И покорный гигант протянул мне коробок от спичек, украшенный сине-красной головой, – судя по надписи, головою Эмпедокла.
– Вижу, вижу. Но мерзостный Полицци, – не советую вам посылать к нему господина Трепова, – навек меня поссорил с Эмпедоклом, а портрет не того сорта, чтобы этот древний философ стал мне любезней.
– Это некрасиво, – промолвила она, – но это редко. Таких коробков нельзя найти. Приходится их покупать на месте. В семь часов утра Димитрий был уже на фабрике. Как видите, мы не теряли даром времени.
– Конечно, вижу, – ответил я с досадой, – зато я свое время потерял и не нашел того, за чем приехал в такую даль.
Видимо, она заинтересовалась моею неудачей.
– У вас какая-нибудь неприятность? – спросила она с участием. – Не могу ли я помочь вам? Быть может, вы поделитесь со мною вашим горем?

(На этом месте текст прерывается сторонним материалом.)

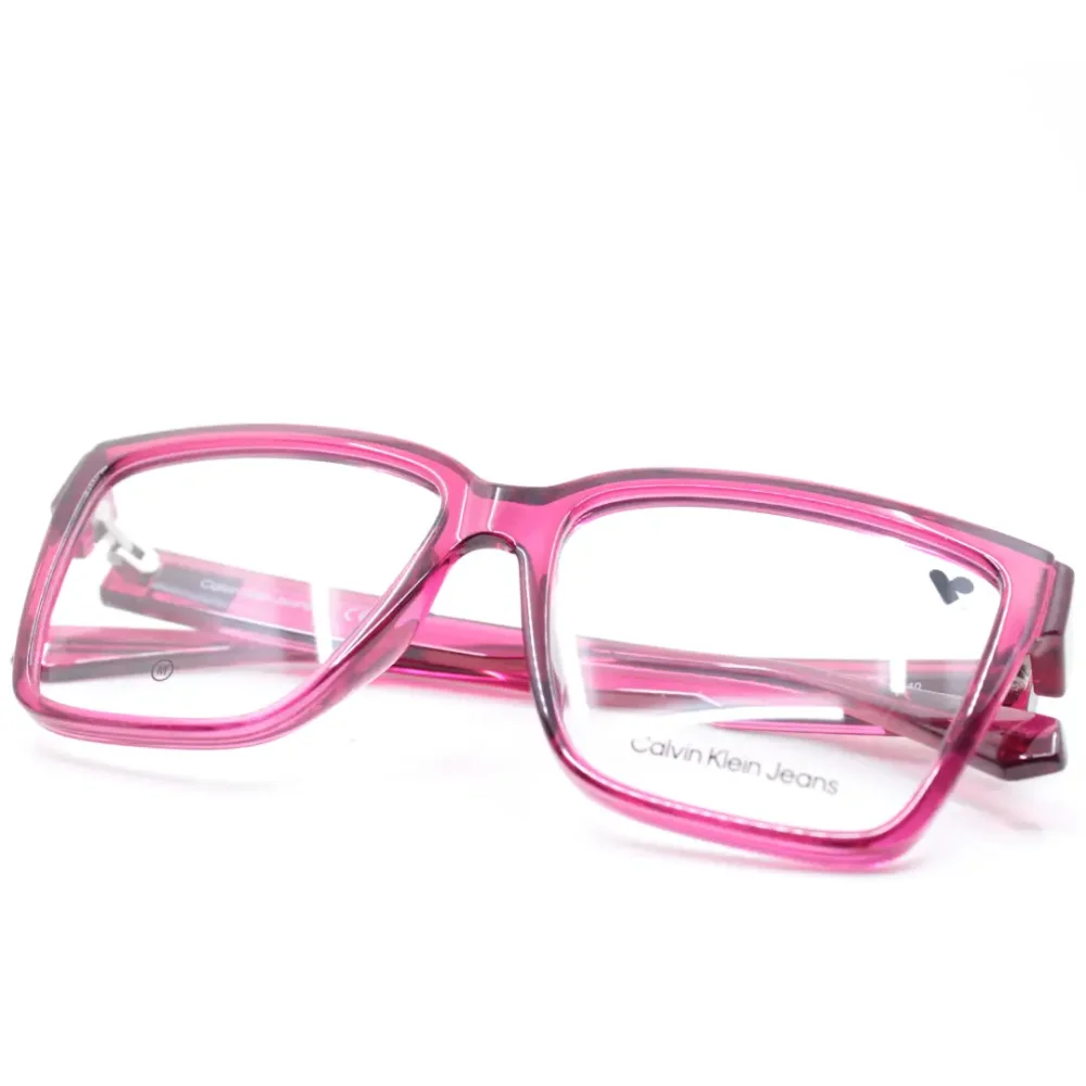 Crafted by the iconic Calvin Klein Jeans brand, these eyeglasses embody a youthful and edgy aesthetic. The rectangular frame shape offers a universally flattering fit, while the lightweight yet durable construction ensures lasting wear. The translucent pink hue adds a playful pop of color without being overpowering, making them versatile enough for both professional settings and casual outings.
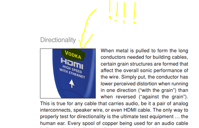 Le pire est que les acheteurs de ces gadgets croient sincèrement ce qu'ils racontent, tout comme il y a des gens qui croient mordicus à l'astrologie, ou des mecs qui sont persuadés que leur voiture est plus puissante depuis qu'ils ont mis de l'huile "Magic Tuning™" dans leur moteur. Plutôt que d'accepter la réalité (la perception humaine est fortement influençable, et leur grigris hors-de-prix sont des arnaques), ils se raccrochent à toutes les branches qu'ils peuvent trouver. C'est un bel exemple de dissonance cognitive.
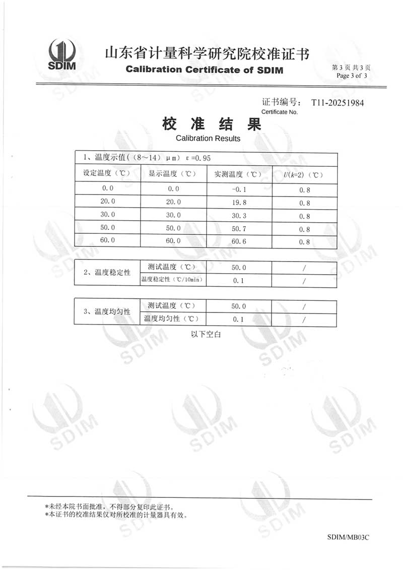 黑體輻射源(0-60°C)校準(zhǔn)證書
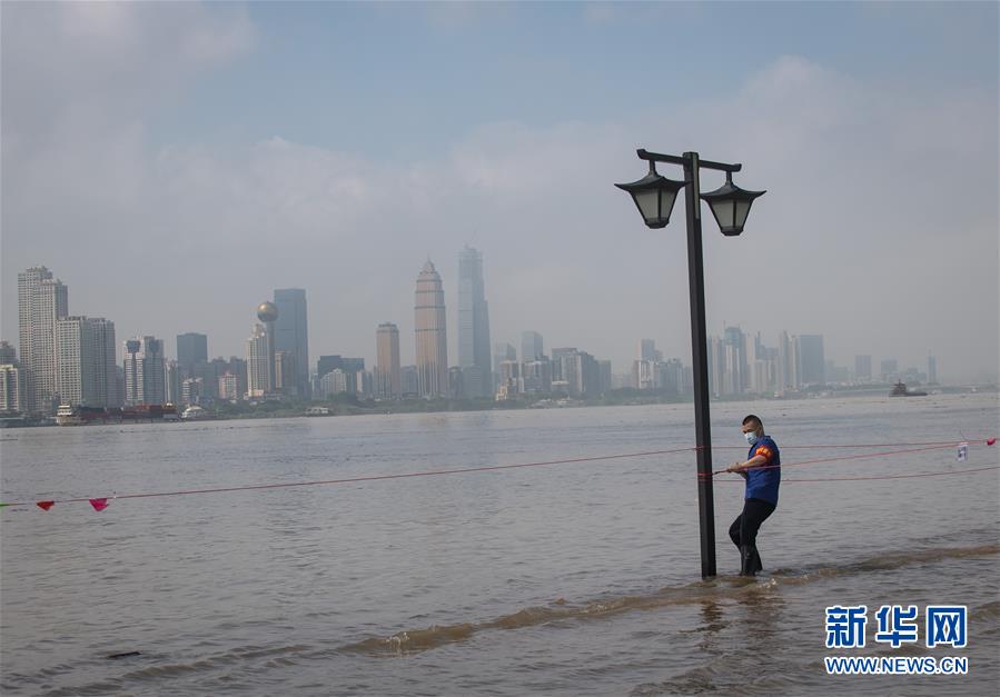 7月6日,工作人員在武昌江灘上拉警戒線。新華社記者肖藝九攝
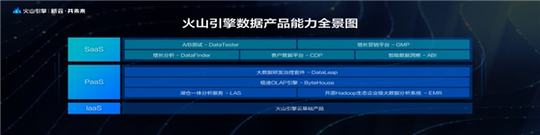 随着上述四大产品的集中发布,火山引擎希望为企业打造敏捷数智引擎的构想进一步落地,一张数据产品能力全景图逐渐清晰可见——它覆盖了在底层统一基础设施IaaS之上的从PaaS层到SaaS层,一系列场景中的全链路数据服务,满足企业从数据平台建设到数据产品应用等多样化数字化转型诉求。
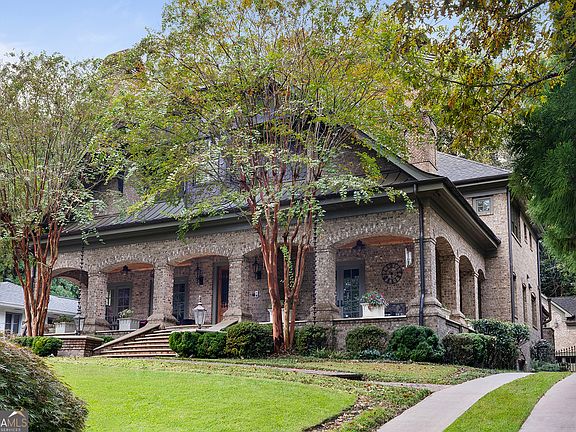 Tucked away in the heart of Atlanta's Sherwood Forest neighborhood, this custom-built estate is a masterclass in architectural detail and refined living. Thoughtfully designed with layered materials and timeless finishes, the home blends old-world craftsmanship with modern innovation. A wide, deep covered front porch with tongue and groove ceiling, gas lights, and ceiling fans spans the front of the home-creating a gracious welcome and an ideal space for year-round enjoyment. Inside, generous open rooms flow seamlessly, designed for both relaxed living and entertaining. Both the formal dining room and the fireside office/library open directly onto the covered front porch through sets of French doors, enhancing the home's indoor-outdoor connection and providing an exceptional entertaining flow. Custom leaded-glass doors close off the library for quieter moments by the cozy fireplace. A dramatic two-story foyer with an imported Italian tiled ceiling and Turkish terracotta flooring sets the tone for the home's timeless details. Seven fireplaces-each capped with custom stone and brickwork that mirrors the banister finials-anchor the home with warmth and artistry. Beamed ceilings, hardwood floors, and finely crafted millwork add depth throughout. The main kitchen is outfitted for serious culinary work, featuring dual refrigerators, dual dishwashers, a butler's pantry, three sinks, and bespoke cabinetry. A second full kitchen on the terrace level adds versatility for hosting or multi-generational living. The main level also features a secondary primary bedroom suite-ideal for guests or those seeking one-level living. Upstairs, the primary suite is a true retreat, with vaulted ceilings, an oversized walk-in closet with space for a private office or dressing lounge, and a beautifully tiled bath with fireplace-creating a serene and luxurious atmosphere. Also on the lower level: a 1,000+ bottle wine cellar with tasting room, a fireside entertaining lounge featuring a generous fireplace and a stunning original bar-meticulously reassembled on-site after being imported from Europe-a fitness suite with separate laundry and a river stone steam room that fits eight, an office, and flexible space for media or games. The fully updated Control4 system provides intercom, security, and whole-home sound through an integrated speaker system. An elevator serves all levels. Outdoors, a brick loggia with a built-in pizza oven and gas grill overlooks the private, gated backyard and pool-perfect for entertaining or unwinding in total privacy. A whole-house generator provides comfort and peace of mind throughout the seasons.
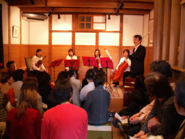| 一方、地区では最近、数多くのまち歩きイベントや音楽会、寄席、書の展示といった「まちを楽しむ」取り組みが行われるようになってきました。 例として昨年度行われたコンサートを挙げてみると、自治会主催で一般家庭の蔵で行われた室内楽団と男声合唱のコンサート、若者たちが町家で行ったサックスコンサートとバンドネオン、ギターコンサート、同じく町家でNPO法人が開催したフルートコンサート、住民(個人)主催の洋館でのジャズコンサート、バイオリンコンサート、まちつくり会共催の路上での絵本の弾き語りライブ…といった催しが23.4haというさほど広くもない地区の中で、それぞれ異なる団体主催で行われています。 それらひとつひとつは独立していながらも、お互いが参加しあったり協力したりとゆるくつながっている。 このような活動は、まちつくり会の活動開始以前には、あまり実施されていなかったように思われます。 会がただルール作りだけを追求せず、「まちを楽しもう」とする活動で住民の共感を得る活動を行ってきたことが環境を構築したのではないでしょうか。さらに他の活動も認め応援していく姿勢が多くの活動を引き出してきたと言っても良いのではないでしょうか。 この結果、まちづくり会だけがまちをリードするのではなく、さまざまな団体や個人がお互いに関係しあって、少しずつまちを持ち上げる、そんな動きが生まれつつあるように思われるのです。 |
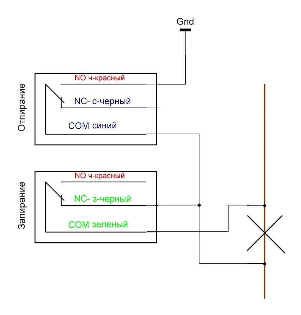 Оставшиеся замкнутые контакты в данном случае не применяются. Верхнее реле выполняет задачу запирания, нижнее предполагает открытие дверных механизмов. В место данных элементов могут быть применены сигнальные контакты.
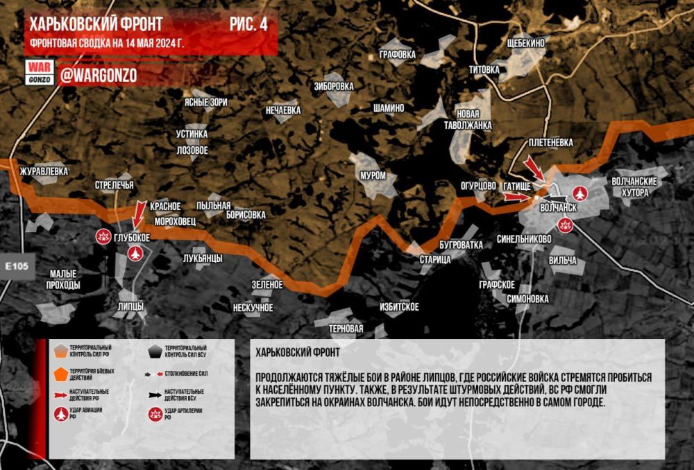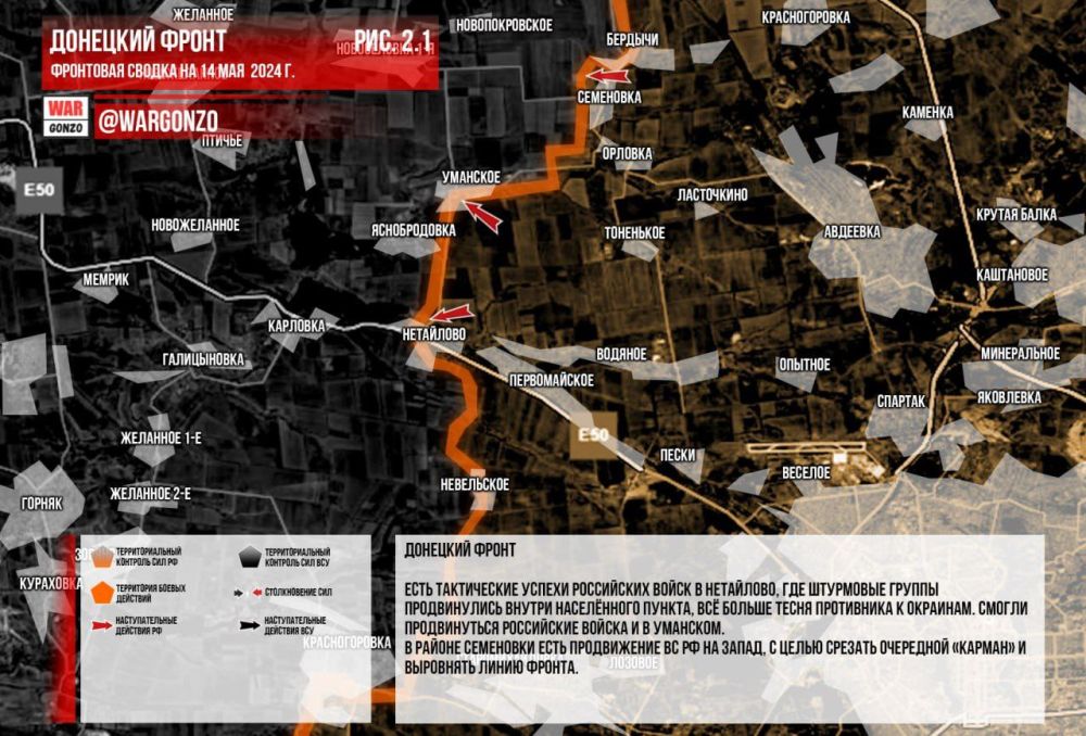 Фронтовая сводка на утро 14.05.2024 г. от Телеграм-канала WarGonzo.
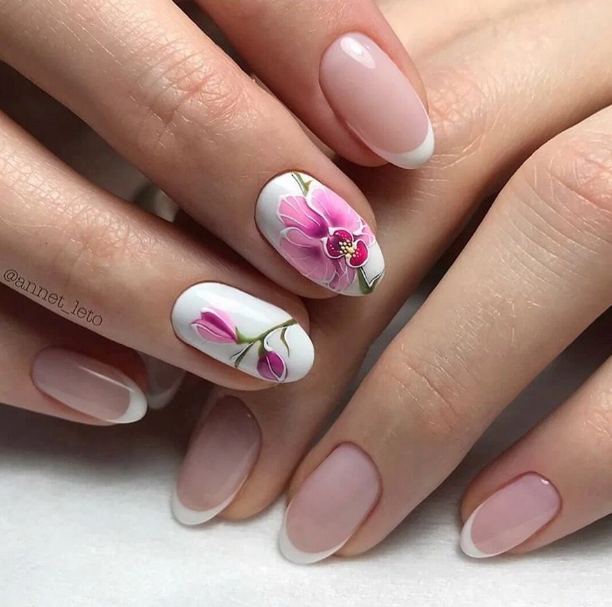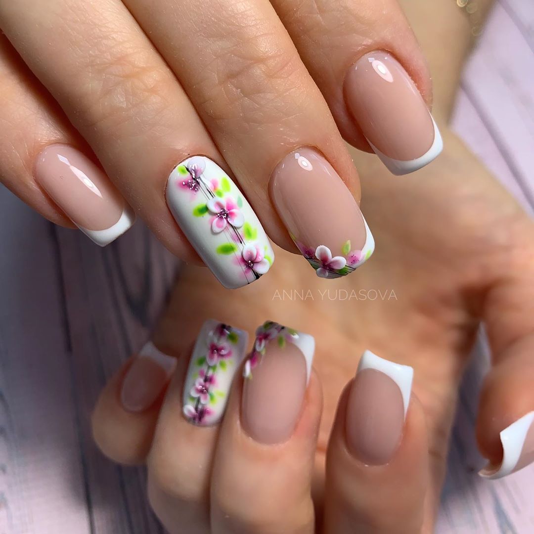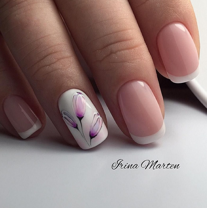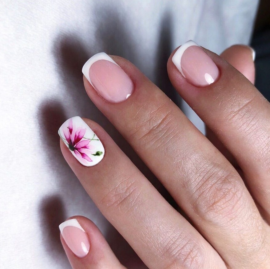 Почему-то принято считать, что французский вариант минималистичен по своей природе. А поэкспериментировать? Хотя бы вот так… френч с цветами
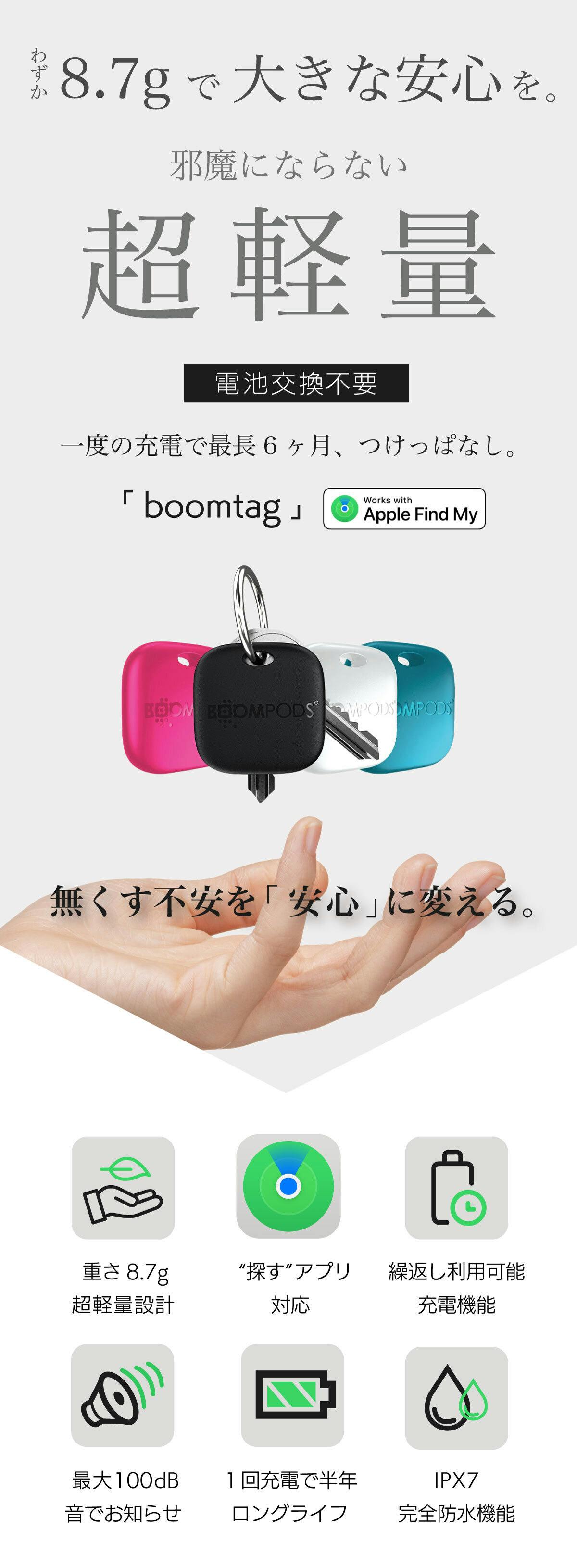 このboomtagは、一度の充電で最大約6ヶ月間使用可能です。頻繁な充電の手間がなく、長期間にわたり安心して利用できます。

Я стал рассказывать. Мое повествованье было длинно, но, видимо, тронуло ее, ибо вслед за ним она мне задала ряд мелочных вопросов, воспринятых мной как доказательство ее большого интереса. Ей захотелось знать точное заглавие рукописи, внешний вид ее, формат и век; она спросила адрес Рафаэлло Полицци.
Я дал его, исполнив этим (о судьба!) то самое, что поручил мне мерзкий Микель-Анджело Полицци.
Иной раз бывает трудно остановиться. Я начал снова жаловаться и проклинать. На этот раз княгиня Трепова только засмеялась.
– Почему вы смеетесь? – спросил я.
– Потому что я злая женщина.
И, вспорхнув, оставила меня на камне, смятенного и одинокого.
Париж, 8 декабря 1869 года
Мои нераспакованные чемоданы еще загромождали всю столовую. Я сидел за столом, уставленным теми вкусными вещами, какие производит французская страна для любителей покушать. Я ел шартрский паштет, – а одного его достаточно, чтобы любить отечество. Тереза, став против меня и сложив руки на белом фартуке, глядела на меня с тревогой, жалостью и благоволеньем. Гамилькар терся о мои ноги, от радости пуская слюни. Мне пришел на память стих старого поэта:
Блажен, кто, как Улисс, прекрасный путь окончил.
«Ну что ж, – мне думалось, – я прогулялся зря и возвращаюсь с пустыми руками; но, так же как Улисс, я совершил прекрасный путь».
Выпив последний глоток кофе, я попросил у Терезы мою палку и шляпу, которые она дала мне недоверчиво: она боялась нового отъезда. Я успокоил ее, распорядившись, чтобы обед был приготовлен к шести часам.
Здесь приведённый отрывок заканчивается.